Un an après le passage de l'ouragan Irma, la rentrée des classes sur l'île de Saint-Martin a été compliquée (vidéo)

Un an après le passage de l'ouragan Irma, la rentrée des classes sur l'île de Saint-Martin a été compliquée

Dans les Antilles françaises, cela fait 1 an que l'ouragan Irma s'est abattu. Sur l'île de Saint-Martin, beaucoup vivent toujours dans la précarité, sans eau courante, ni électricité. La plupart des écoles n'ont toujours pas été reconstruites. La rentrée des classes a donc été compliquée.

Sur l'île de Saint-Martin, devant les écoles, les parents manifestent: pour eux, les promesses n'ont pas été tenues. Un an après le passage de l'ouragan Irma, de nombreux bâtiments scolaires ne sont pas prêts pour accueillir les enfants.

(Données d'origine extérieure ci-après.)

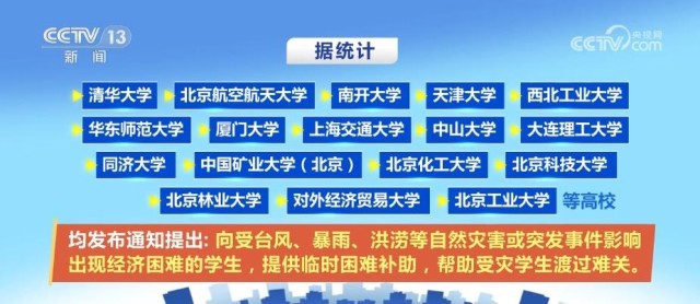 據(jù)統(tǒng)計,清華大學(xué)、北京航空航天大學(xué)、南開大學(xué)、天津大學(xué)、西北工業(yè)大學(xué)、華東師范大學(xué)、廈門大學(xué)、上海交通大學(xué)、中山大學(xué)、大連理工大學(xué)、同濟(jì)大學(xué)、中國礦業(yè)大學(xué)(北京)、北京化工大學(xué)、北京科技大學(xué)、北京林業(yè)大學(xué)、對外經(jīng)濟(jì)貿(mào)易大學(xué)、北京工業(yè)大學(xué)等高校均發(fā)布通知提出,向受臺風(fēng)、暴雨、洪澇等自然災(zāi)害或突發(fā)事件影響出現(xiàn)經(jīng)濟(jì)困難的學(xué)生,提供臨時困難補(bǔ)助,幫助受災(zāi)學(xué)生渡過難關(guān)。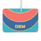 Sie können den gelben Text für das Monogramm personalisieren. Die hintere Streifen sind gebogen. Die Streifen verlaufen quer (horizontal). Die Streifen sind rot, gelb, cyan und tiefblau.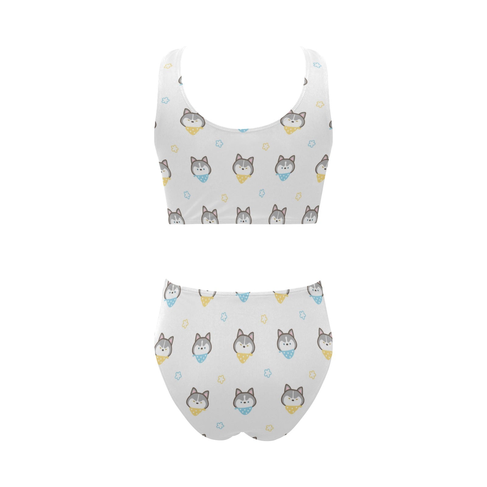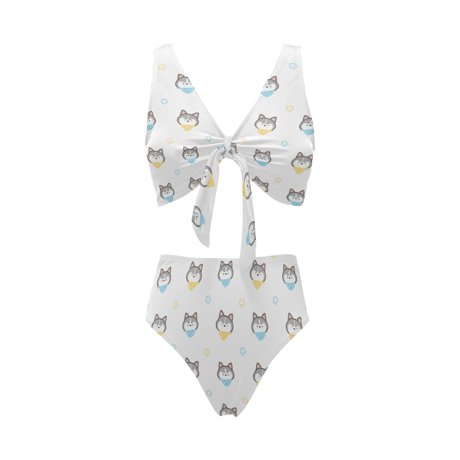 Cute Siberian Husky pattern Chest Bowknot High Waisted Bikini Swimsuit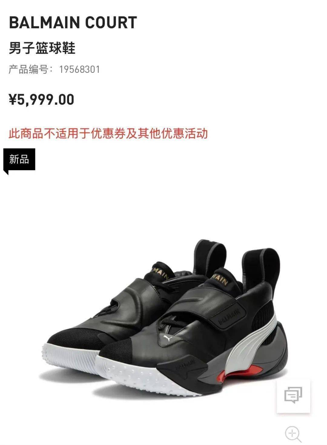 (图片来源:PUMA官网) 这双联名鞋款选取了黑色作为主颜色,白色和灰色相辅,再参与红色点睛,鞋身和鞋舌处均有BALMAIN的logo,金色的部分能够捕获到BALMAIN的几分灵魂。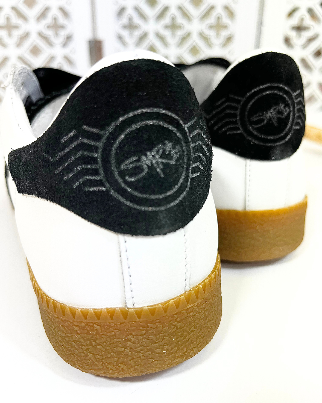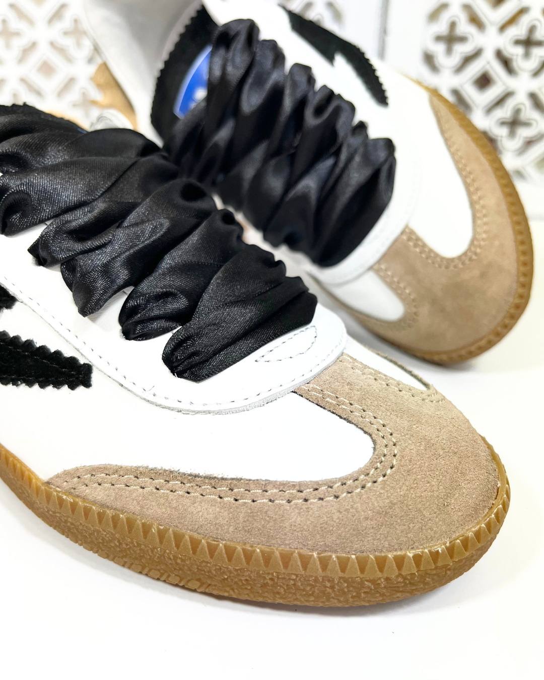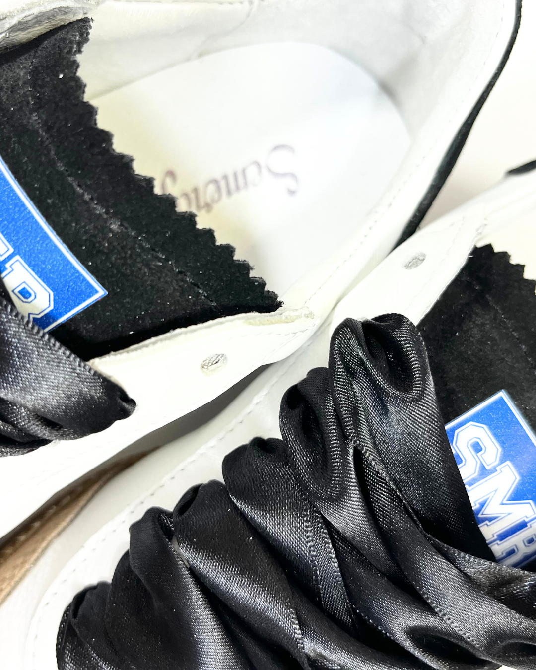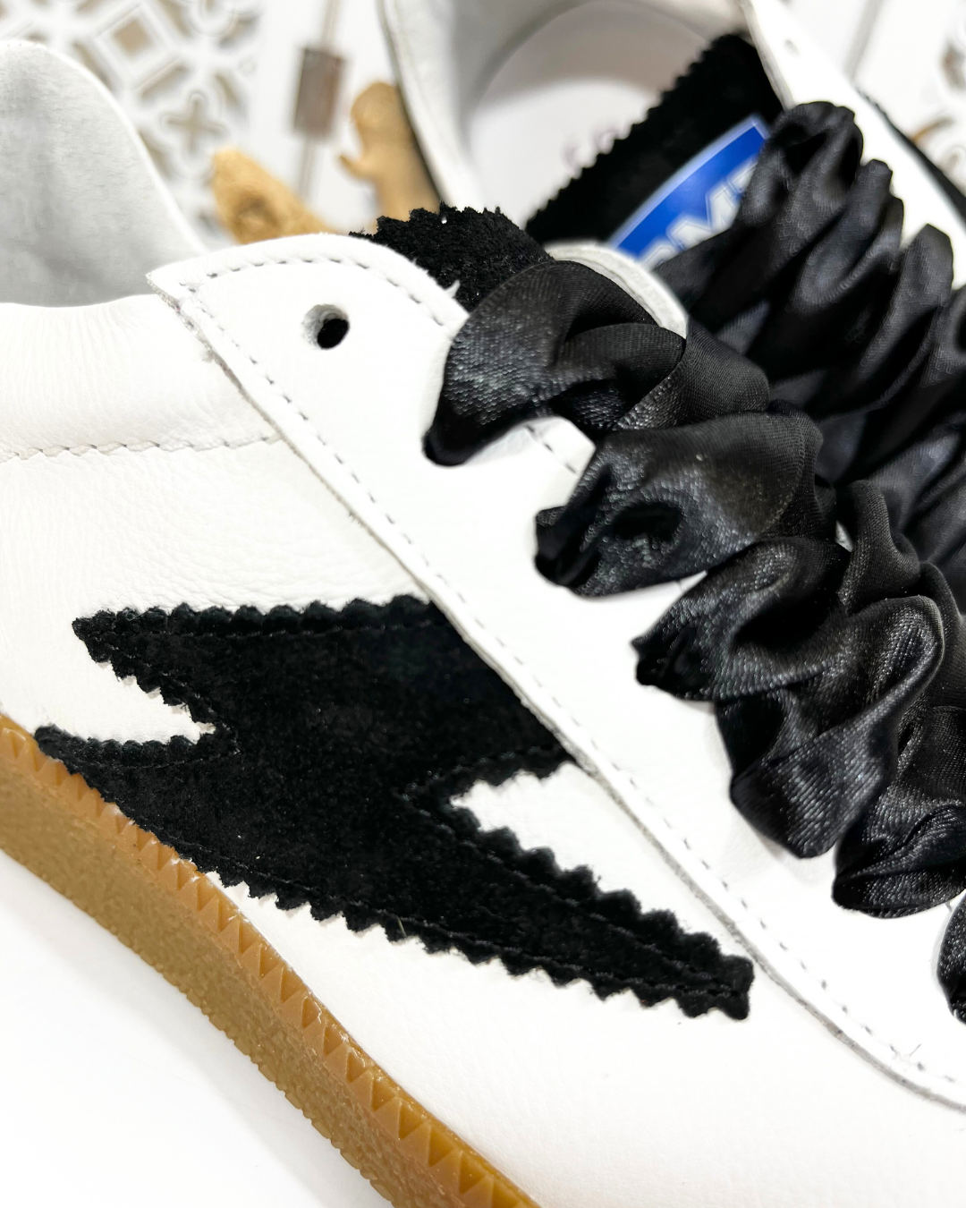 Les lacets satin noirs apportent une finition élégante et un contraste doux avec la teinte blanche du cuir.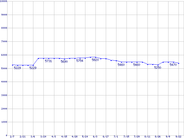 | [↑前グラフ]: | DiamondMax 16 (5400rpm,UltraATA/133,2MB,80GB/Platter,FDB)の最安値推移 |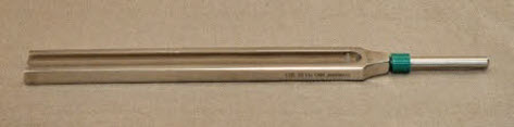 De frequentie en naam zijn goed leesbaar aangebracht. De stemvorken zijn voorzien van gekleurde ringetjes voor de herkenbaarheid van de toon.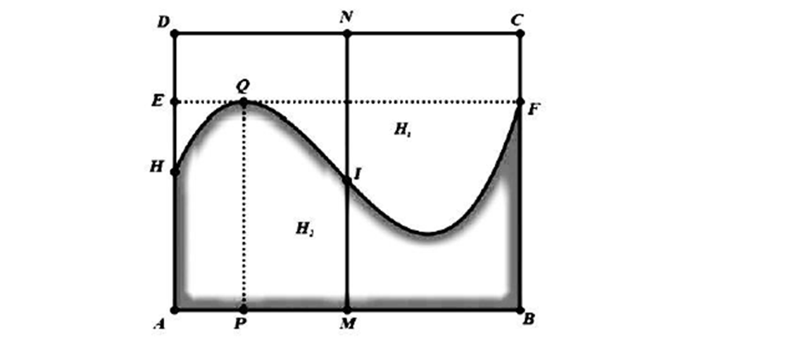 Question 21. (Sở Ninh Bình 2025) Khuôn viên của một công viên có dạng hình chữ nhật $ABCD$ với $AB = 100\,\text{m}; AD = 80\,\text{m}$. Người ta muốn chia công viên thành hai khu, một khu dành cho trẻ em, một khu dành cho người lớn. Để tạo thiết kế độc đáo và lạ mắt, người ta dùng một đường cong chia khuôn viên thành hai phần $H_1$ (không tô màu) dành cho trẻ em và $H_2$ (tô màu) dành cho người lớn như hình vẽ bên với $AH = 40\,\text{m}; AE = 60\,\text{m}; AP = 20\,\text{m}$ và $EF //AB; PQ//AD$. Biết rằng khi xét trong một hệ tọa độ $Oxy$, đường cong trong hình là một phần của đồ thị hàm số bậc ba. Phần chính giữa công viên người ta muốn mắc dây đèn trang trí dọc đoạn thẳng $MN$ như hình. Biết giá tiền mỗi mét dây trang trí của phần dành cho trẻ em là 140 nghìn đồng và phần dành cho người lớn là 180 nghìn đồng. Tổng số tiền mắc dây đèn trang trí trên đoạn $MN$ là bao nhiêu triệu đồng.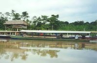 The 35 horsepower, outboard motor whirred reluctantly, and we were off on our four-hour journey upriver. The boatman explained that the river had already risen forty feet in the last week, beginning its swells because the rainy season had begun upriver. This would slow our progress against its swirling, brown currents. For about an hour we puttered along, staying too far away from shoreline to suit me because I’m not a strong swimmer and there were no life jackets aboard. We stopped to pick up several local passengers and part of our food supply for the Resort. Eight open, cardboard flats, each containing three dozen eggs, were stacked on top of each other in front of our young, bronze “captain,” who was dressed in khaki shorts, a torn tee-shirt, and thongs. (At several points along the journey he hopped over the eggs to reach a tool as we held our breaths.) While the motor sputtered quite reluctantly in restarting, we were zipped down-river with the current at lightning speed.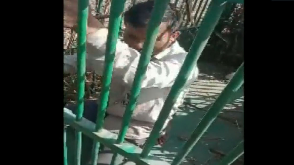 বাঘ ধরার খাঁচায় আটকে গেলেন মানুষ (ভিডিও)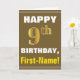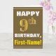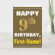 Cartão Negrito, Castanho, Faux Dourado 9º Aniversário com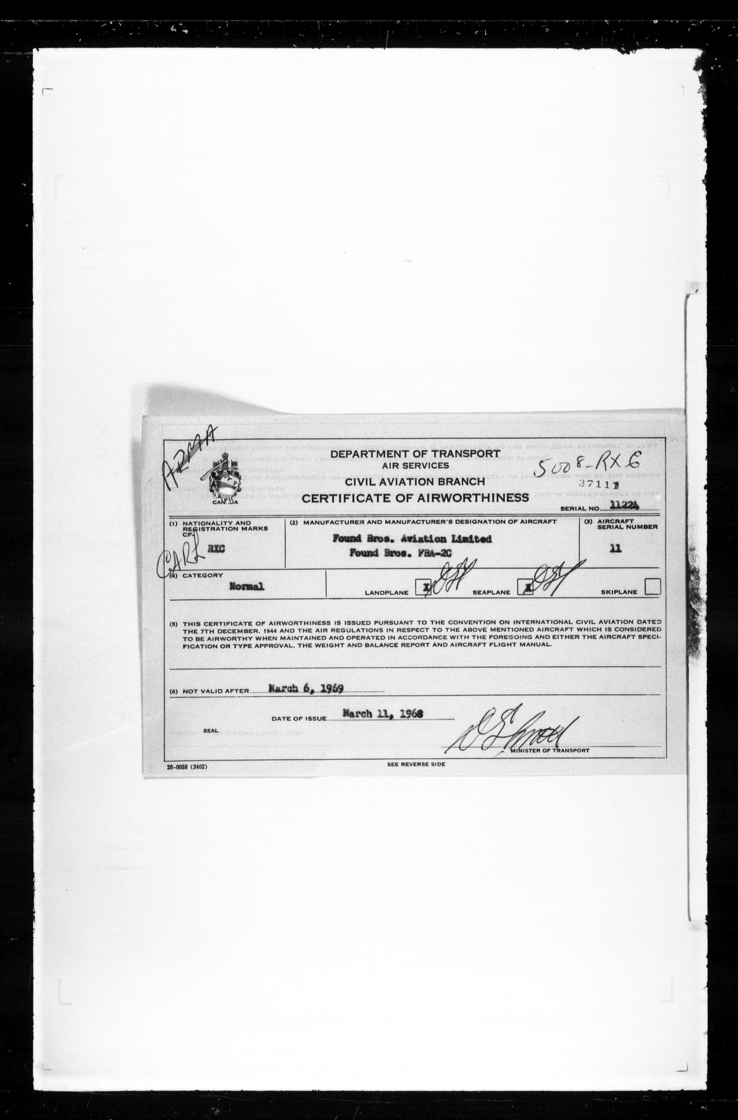 Department of Transport : Civil aircraft registration, inspection and operation files, block 5008, 1920-1986 - 7511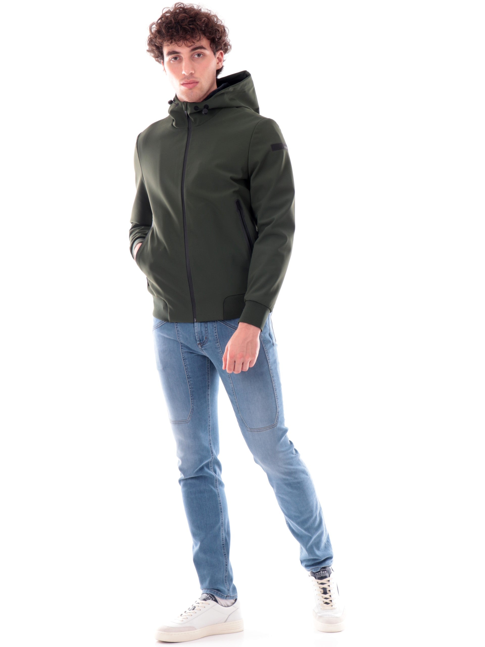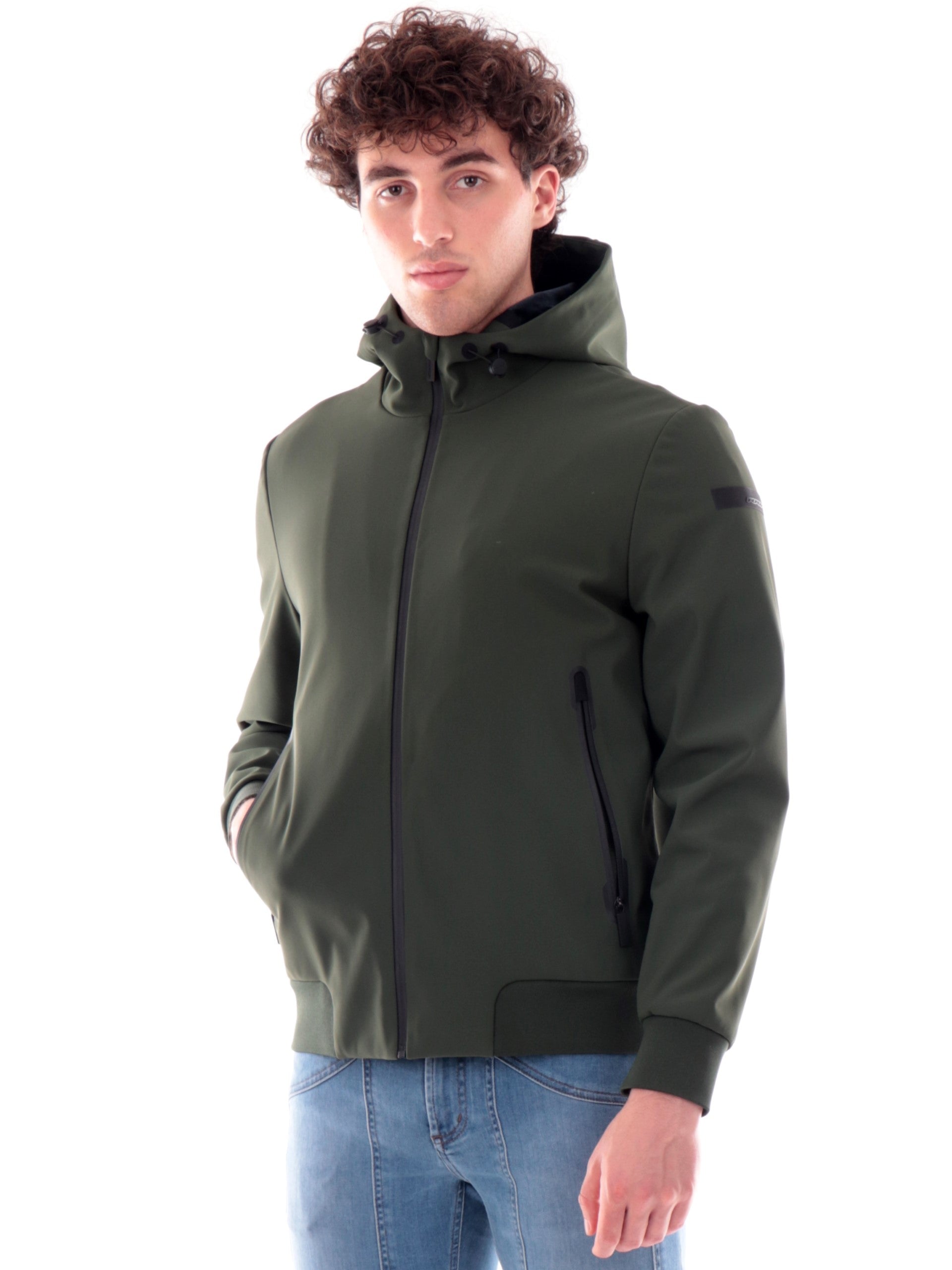 Giubbotto RRD verde da uomo con cappuccio fisso regolabile con coulisse W2504421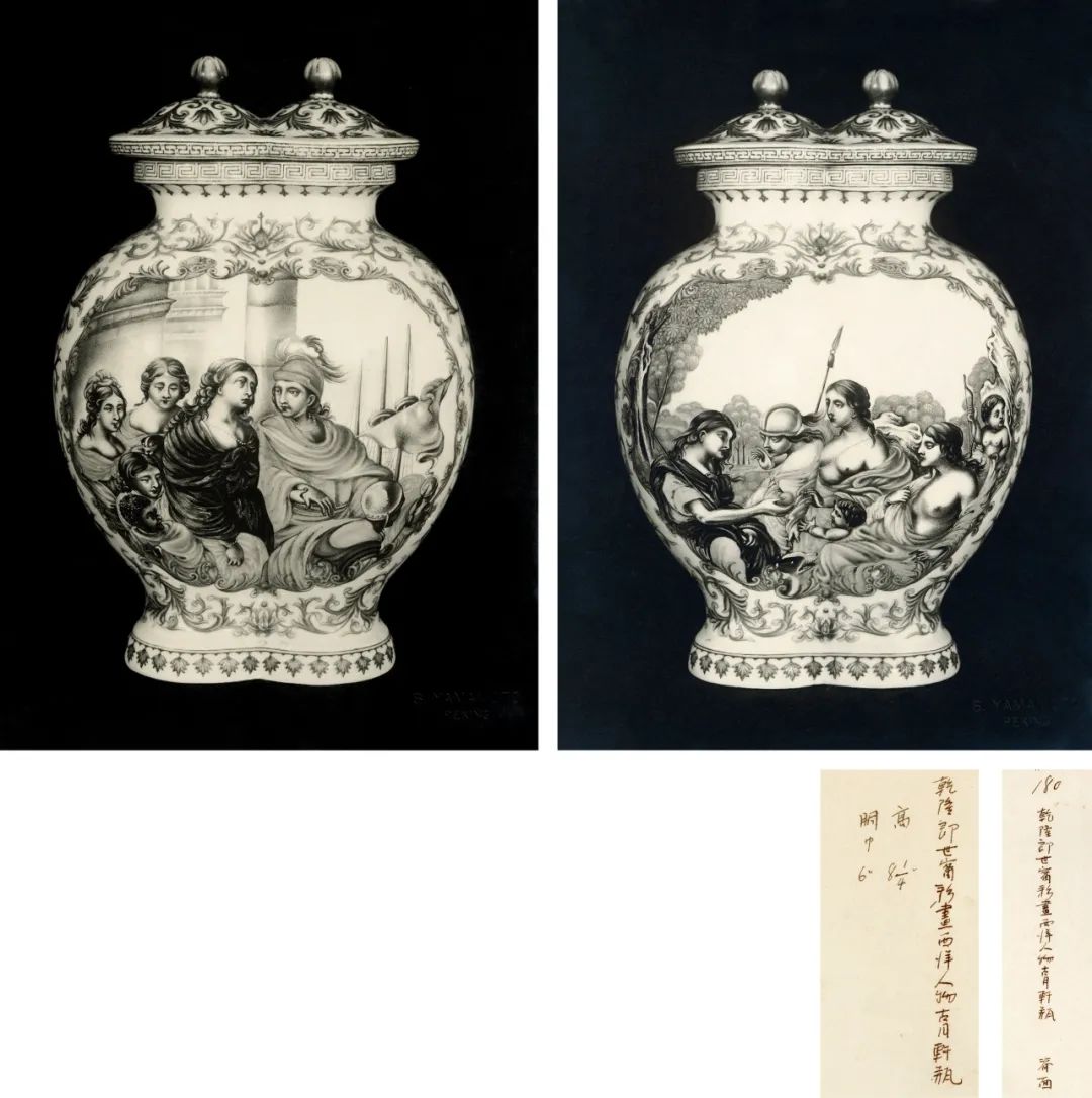 山本照相馆 清乾隆珐琅彩西洋人物图双联瓶照片(2张)

Une mère témoigne: "Notre grande mauvaise surprise, c'est se rendre compte que très peu de choses ont été faites". Un papa dénonce également: "Aucun établissement du second degré à Saint-Martin n'a fait l'objet des travaux nécessaires."

Dans le primaire, cela peut encore convenir mais les bâtiments du secondaire sont inutilisables et les bâtiments préfabriqués assemblés à la hâte ne conviennent pas toujours.

Franck Balvay, professeur d'éducation physique, lycée professionnel de Marigot: "Le meilleur indicateur, c'est le nombre d'élèves qui ont disparu du système scolaire de Saint-Martin et qui ne seront pas scolarisés à la rentrée. C'est noté un peu partout. On a déjà des échos en terme de quantité d'élèves qui seront admis à cette rentrée là. Par rapport à avant Irma, il en manque un sacré nombre."

Alors qu'à Saint Barthélémy, également touché par Irma l'an dernier, l'essentiel est reconstruit, à Saint-Martin tout a pris du retard. Après avoir été accueilli dans des centres d'hébergement d'urgences, de nombreux habitants ont dû regagner leur maison en partie détruite. Il y a plusieurs causes à cette situation: les ressources financières limitées de la population et l'application de règles d'urbanisme plus strictes et le grand nombre d'habitants non assurés.

Daniel Gibbs, président de la collectivité de Saint-Martin. "Je n'ai pas hésité à grever mon budget de 5 millions d'euros pour venir en aide avec des critères bien précis. Mon but n'est pas de venir en aide à tout le monde. On ne sait pas venir en aide à tout le monde qui n'était pas assuré. C'est venir en aide à des personnes bien ciblées."

L'activité touristique ressource principale de l'île ne devrait reprendre qu'en décembre avec 800 chambres disponibles, soit la moitié de ce qui existait avant le passage d'Irma.